In the records below, repeat word for word only the lines starting at the one that contains "Employers say they" and ending at the one that contains "It sounds like", pictures excluded.

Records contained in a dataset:
»»

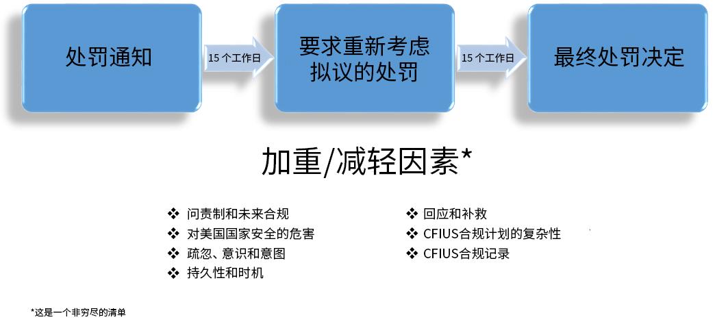 准则为处罚流程提供了在 CFR 31 章第 800.901 节中所述的路线图。首先,CFIUS 发出处罚通知,包括对将要 处罚的行为和将要处以罚款的数额的书面解释。该通知将说明断定该行为构成违规行为的法律依据,并可能列出 委员会考虑的任何加重和减轻因素。其次,收件人可以(但不是必须)在 15 个工作日内提交复议申请,包括任 何辩护、理由、减轻处罚因素或解释(如果有正当理由,可以通过书面协议延长期限)。最后,CFIUS 将在收 到申请后的 15 个工作日内(可通过书面协议延长期限)在发布最终处罚决定之前考虑收到的任何申请。
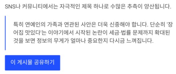 특히 이번처럼 연예인의 가족과 연관된 사안은 더욱 신중해야 합니다.
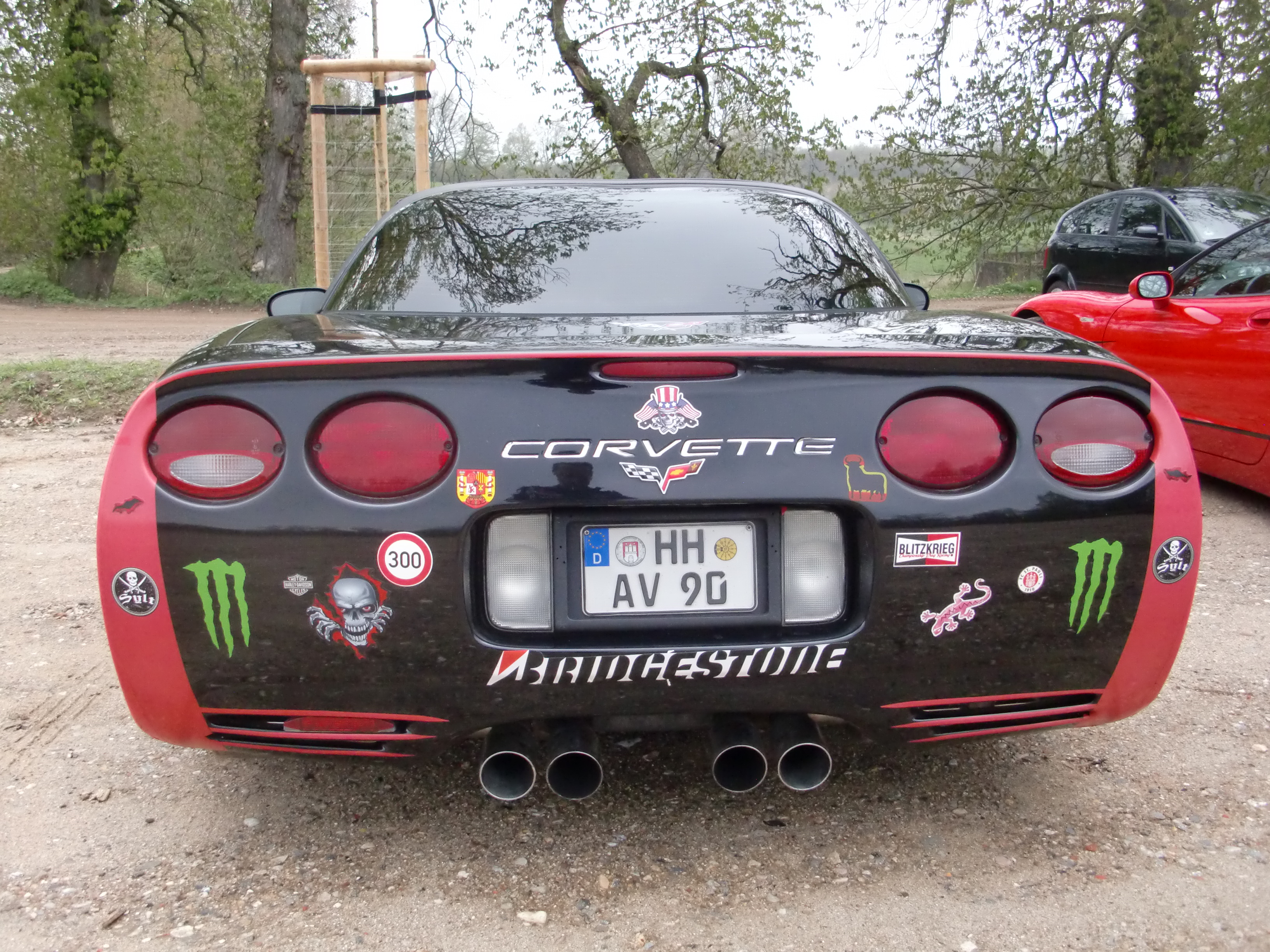 Mit Isolierband gezogene Zierstreifen, Tankstellenaufkleber, Silverfolie, Kunststoffembleme usw usw…. Ich weiss wirklich nicht, warum man das seiner Corvette antut…
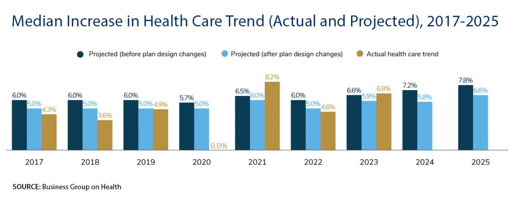 Employers say they expect their health care costs to rise 7.8% next year — the highest estimate in more than 15 years — according to the latest Business Group on Health member survey. Even factoring in cost-reducing plan design changes, respondents project costs to increase 50% from 2017 to 2025 (see chart below).
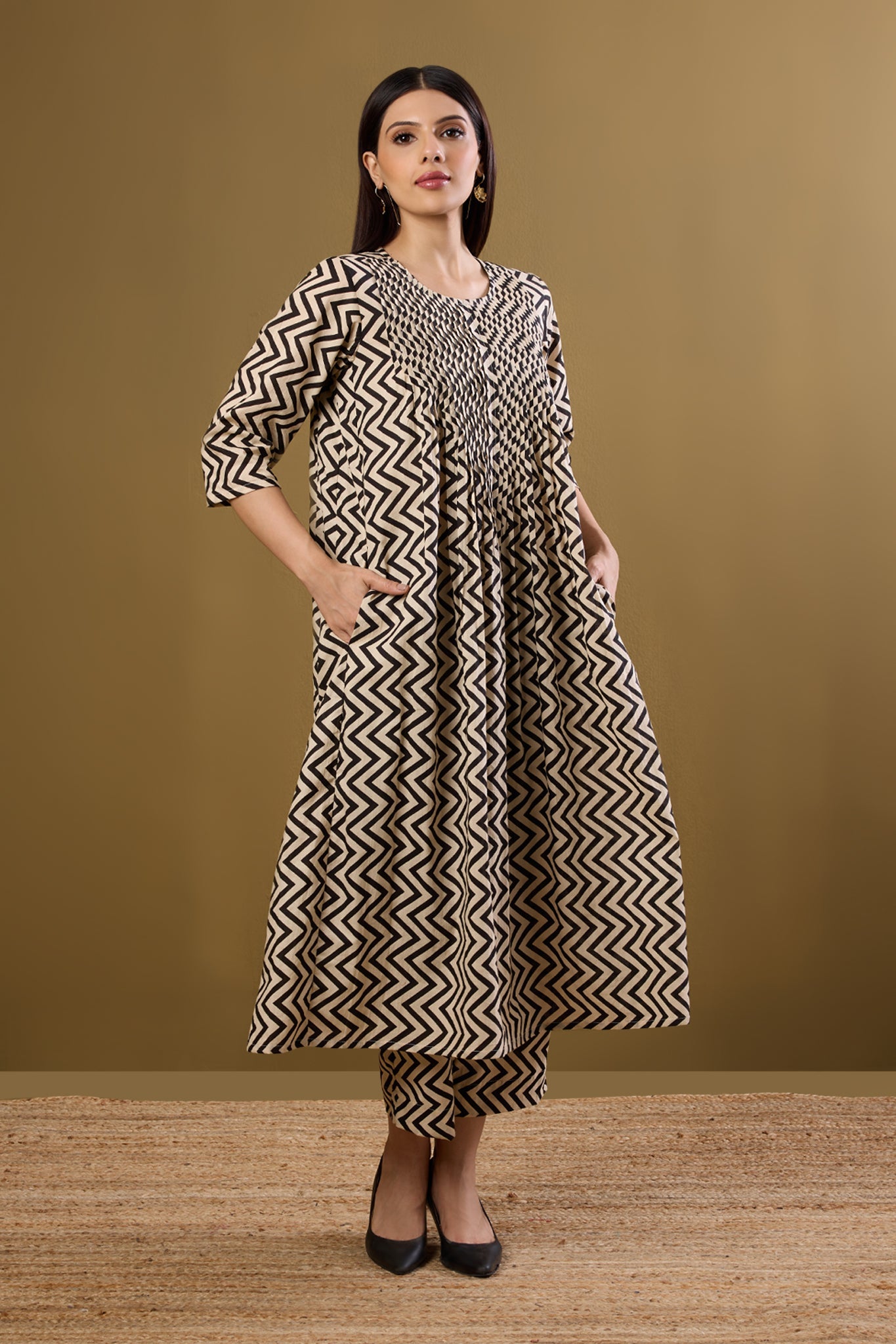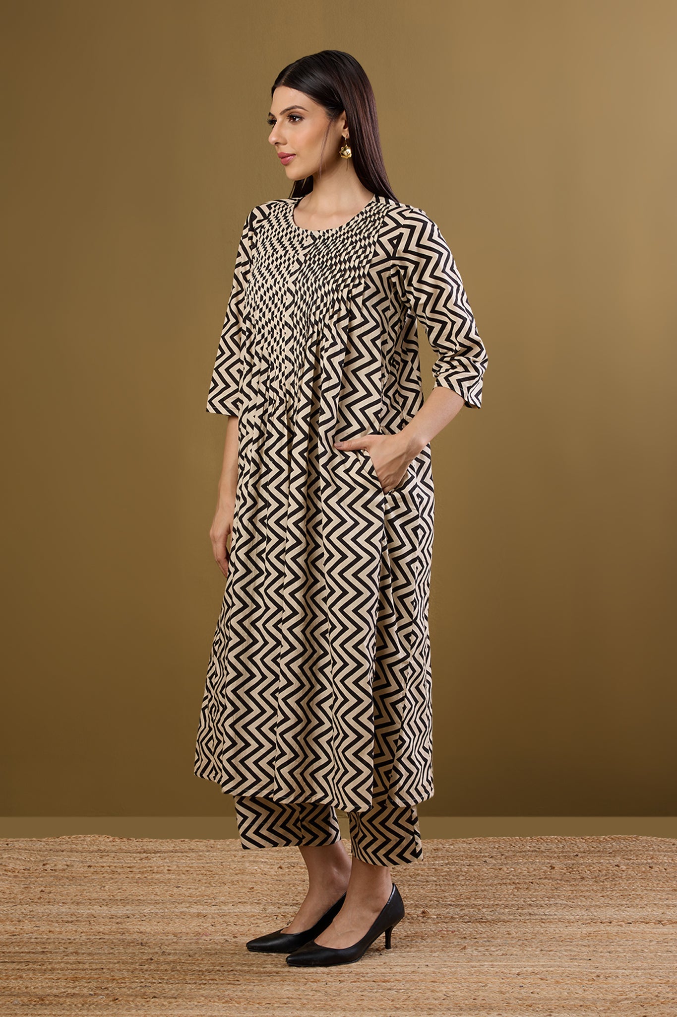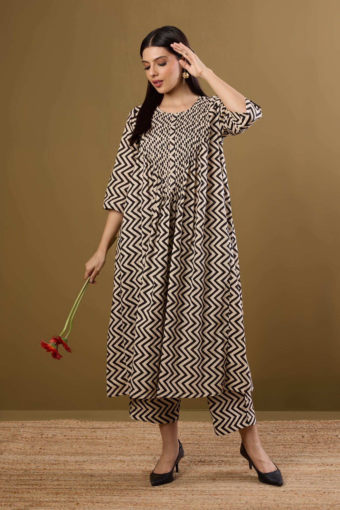 Maati Craft Co-ord Set Bold Noir Chevron Pintuck Long Dress & Pants
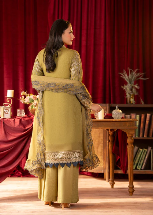 It sounds like you’re describing a beautiful and elegant embroidered chiffon outfit, likely consisting of a three-piece set. Chiffon is a lightweight, airy fabric, known for its delicate texture and graceful drape. It’s often used for dresses, shawls, and tops, adding a soft and ethereal quality to the overall design. Embroidered with intricate patterns, often around the neckline or throughout the garment. The neck embellishments could include delicate thread work, beads, or sequins, adding a bit of sparkle or richness. A pair of sophisticated dupatta is made for organza with fully embroidered and beautiful trouser is made for raw silk.
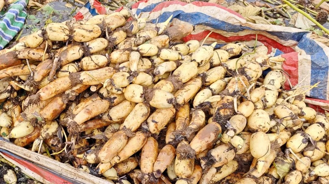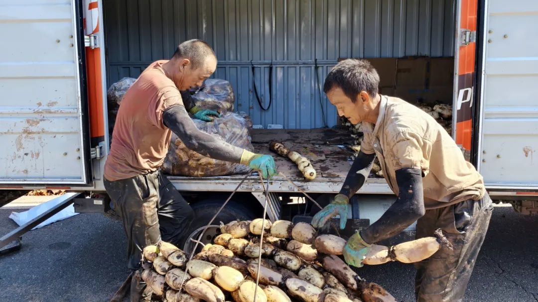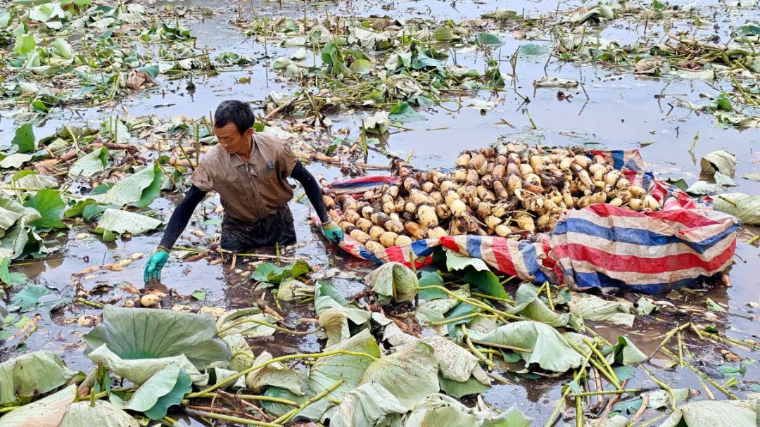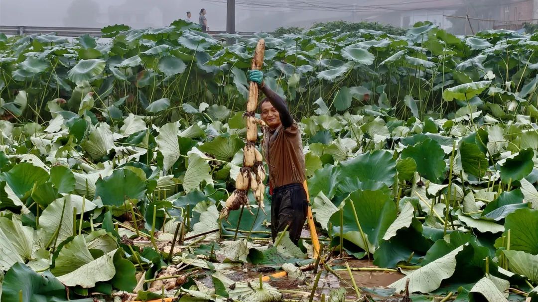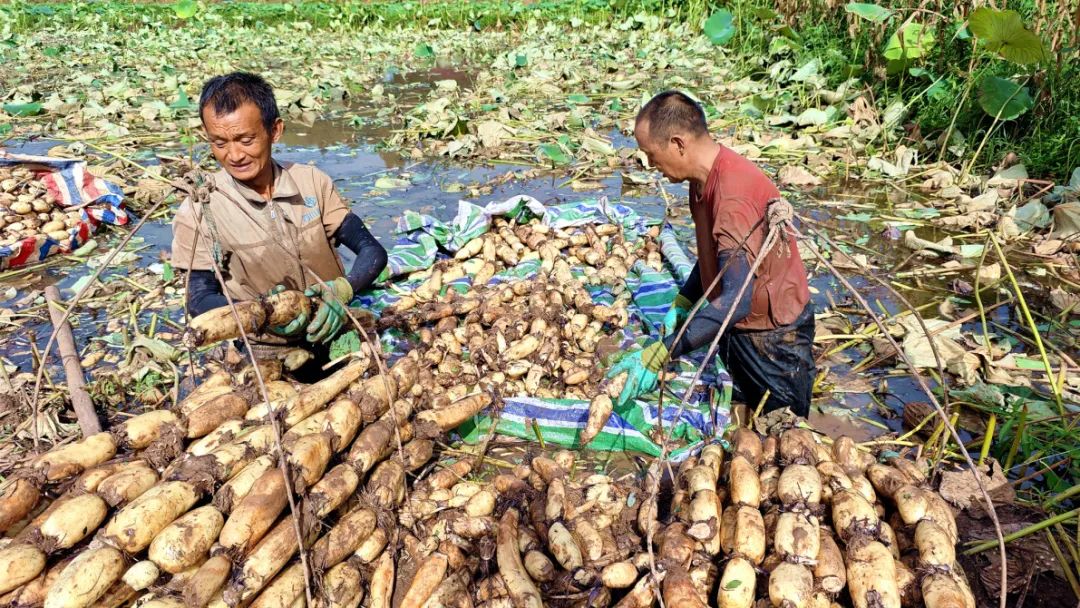 值得一提的是,该基地采用梯度种植的方式,种植了珍珠藕、大白胖等“早、中、晚”不同成熟期的莲藕品种。这种科学的种植模式,让采收季可以从当年7月持续至次年5月,实现了莲藕供应的不间断,为市场持续输送新鲜优质的莲藕。
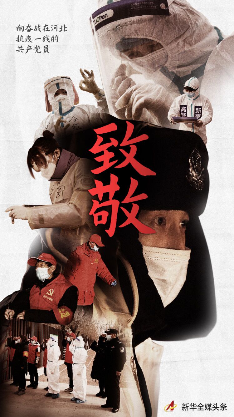 新华社石家庄1月19日电 题:敬礼,党旗!致敬,共产党员!——记奋战在河北抗疫一线的共产党员
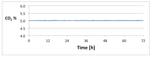 ▲在為期72小時的測量期間,VarisKan LUX儀器中的二氧化碳含量保持穩定。SkanIt軟件在每個測量的運行日志中記錄氣體濃度。
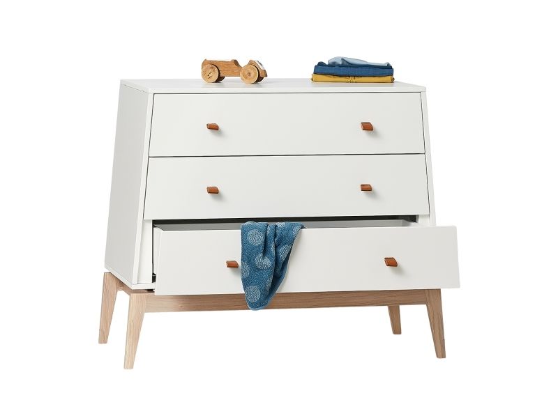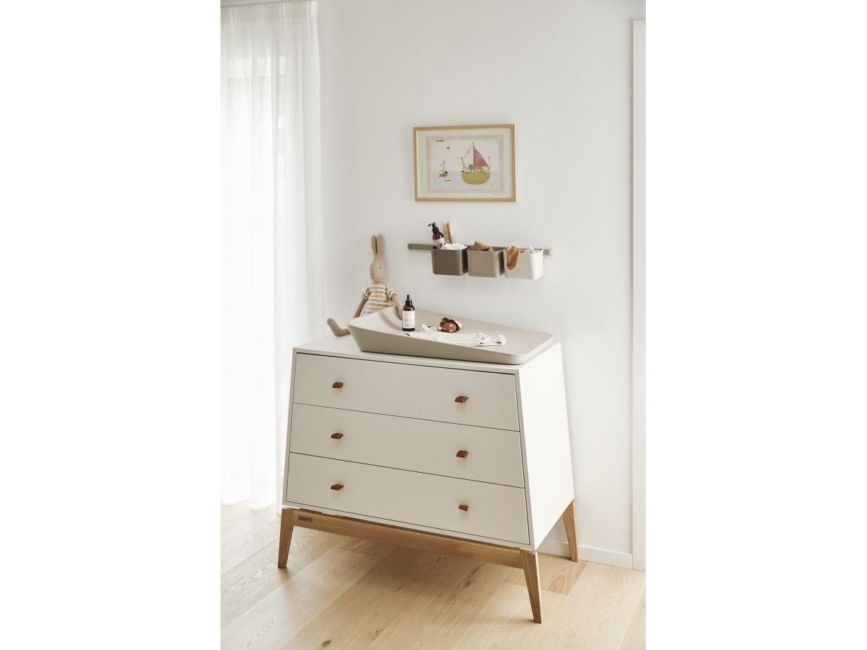 Gode opbevaringsløsninger er et must på børneværelset. Med Leander Luna™ kommoden får du hjælp til at holde orden på værelset. Med tre rummelige skuffer gør kommoden hverdagen til en leg – for dig og dit barn. Kommoden har soft-lukning, der passer de små, nysgerrige fingre, når skufferne åbnes og lukkes. Leander Luna™ kommoden har bløde lædergreb, der nemt kan udskiftes til andre farver eller filt, så du får et udtryk, der passer til din stil. Det lette design passer flot ind på børneværelset men kan også sagtens bruges i entreen eller stuen. Kommodens skrå linjer og den elegante konstruktion giver et let og svævende udtryk, der matcher Leander Luna™-serien. Forvandl kommoden til en smuk og funktionel pusleplads ved at tilkøbe Leander Luna™ pusleenheden eller en Leander Matty™ puslepude.

««

OUTPUT OF THE TASK:
 Employers say they expect their health care costs to rise 7.8% next year — the highest estimate in more than 15 years — according to the latest Business Group on Health member survey. Even factoring in cost-reducing plan design changes, respondents project costs to increase 50% from 2017 to 2025 (see chart below).
 Maati Craft Co-ord Set Bold Noir Chevron Pintuck Long Dress & Pants
 It sounds like you’re describing a beautiful and elegant embroidered chiffon outfit, likely consisting of a three-piece set. Chiffon is a lightweight, airy fabric, known for its delicate texture and graceful drape. It’s often used for dresses, shawls, and tops, adding a soft and ethereal quality to the overall design. Embroidered with intricate patterns, often around the neckline or throughout the garment. The neck embellishments could include delicate thread work, beads, or sequins, adding a bit of sparkle or richness. A pair of sophisticated dupatta is made for organza with fully embroidered and beautiful trouser is made for raw silk.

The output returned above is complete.